Com eleição municipal em outubro de 2024, cortar gasto, por isso, é o que menos os próceres do PT querem ouvir. Contam com transferências de renda aos pobres, retomada de obras de infraestrutura do novo PAC, desendividamento dos milhões de negativados, inflação baixa, juros em queda e mais empregos para se recuperar do desempenho ruim em 2020.
Cabe ao ministro da Fazenda, Fernando Haddad, a missão de conciliar a expectativa de Lula e dos aliados com as metas autoimpostas do fim do déficit primário das contas fiscais em 2024 e superávit de 0,5% do PIB em 2025. Sem poder conter o gasto na lei orçamentária, ele apelou ao que seria tratado na revisão do IR e da CSLL, prevista para depois de o Congresso aprovar e sancionar a reforma dos impostos indiretos.

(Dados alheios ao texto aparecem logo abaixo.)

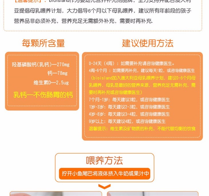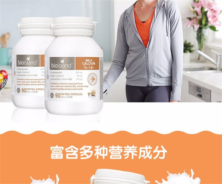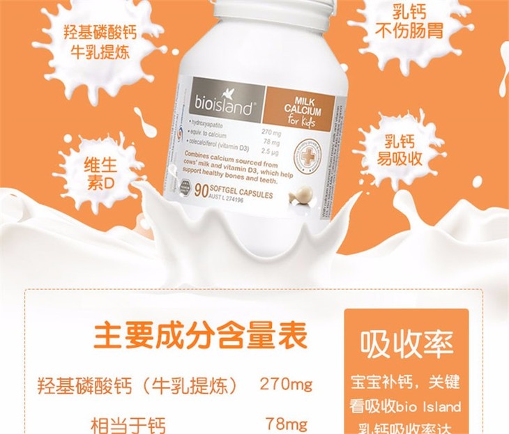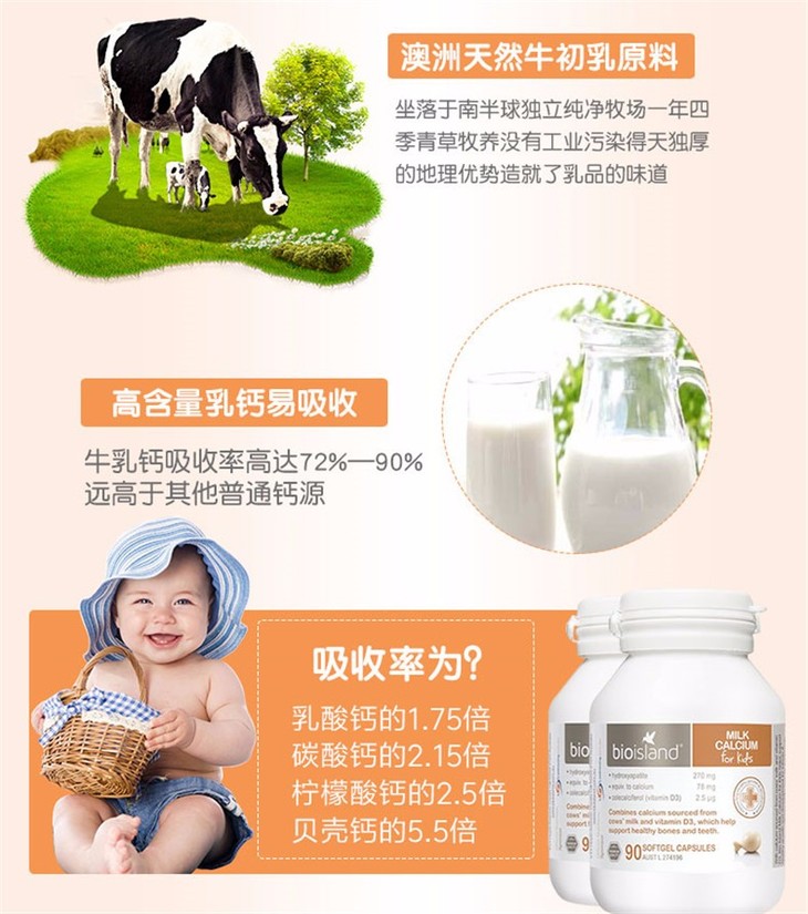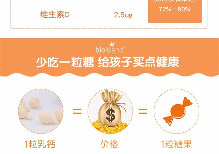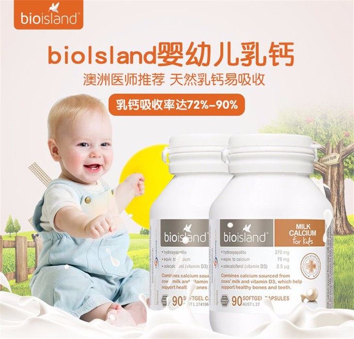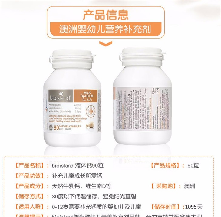 【保税仓】澳大利亚Bio Island 婴幼儿液体乳钙软胶囊 90粒

E voltamos, assim, aos dois princípios que se autoalimentam: de um lado, a armadilha da prioridade da demanda em contraponto à oferta, o que, à falta de estímulos corretos, levou à decadência da indústria de transformação; de outro, a disfuncionalidade política, cada vez mais acionada para defender o agronegócio, setor mais bem posicionado na economia, e canibalizar os recursos fiscais em seu auto interesse.
Improviso que só distorce
A meta de arrecadação com novas onerações (sobre fundos exclusivos, sobre offshores de brasileiros, com o julgamento enviesado a favor do Fisco nos processos no Carf, órgão da Receita que examina autuações tributárias, com o fim do JCP, juros sobre capital próprio, regra que equipara empréstimos tomados pelas empresas aos aportes dos sócios) é salgada: R$ 168 bilhões, projeção do que falta para zerar a LOA de 2024. Tais medidas vieram por medida provisória e projeto de lei.

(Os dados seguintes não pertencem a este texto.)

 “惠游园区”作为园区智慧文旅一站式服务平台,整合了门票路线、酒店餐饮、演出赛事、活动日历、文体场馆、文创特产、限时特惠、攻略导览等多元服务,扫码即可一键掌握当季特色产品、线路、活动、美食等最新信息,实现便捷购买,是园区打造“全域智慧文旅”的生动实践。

Cada uma delas tem sua justificativa de mérito. Mas, sem conectar-se com a reforma geral da renda, vão complicar um sistema impositivo que é o maior responsável pela falta de competitividade das operações das empresas nacionais e estrangeiras no país. E fica pior quanto mais os apoiadores do governo hostilizam bancos e grandes empresas para criar um ambiente político favorável à aprovação no Congresso de algo que é anátema aos partidos de centro-direita: aumento de carga tributária.
A suposição é que em troca de dois ministérios menores com liberdade para gastar, mais a liberação de emendas à LOA, eles venham a dar as costas a quem os elegeu. Ironia é que nem a Lula isso lhe convém, já que nada é mais progressista que um programa focado na produtividade. Também é estranho hostilizar a banca, que vai levar um tombo se não tiver uma transição para o fim do JCP, quando crédito fácil é o que mais a economia precisa.
Lula poderia ouvir seu colega Narendra Modi, da Índia, onde se encontra para a cúpula do G-20, sobre as razões do sucesso indiano. Sua economia é mais dinâmica que a da China e tende a ser a terceira do mundo até o fim da década. É suficiente saber que tudo começou com a digitalização em massa da população e o entusiasmo maciço do empresariado local e de fora. Mas isso Lula já sabia.
Antonio Machado é jornalista, colunista dos jornais Correio Braziliense e Estado de Minas.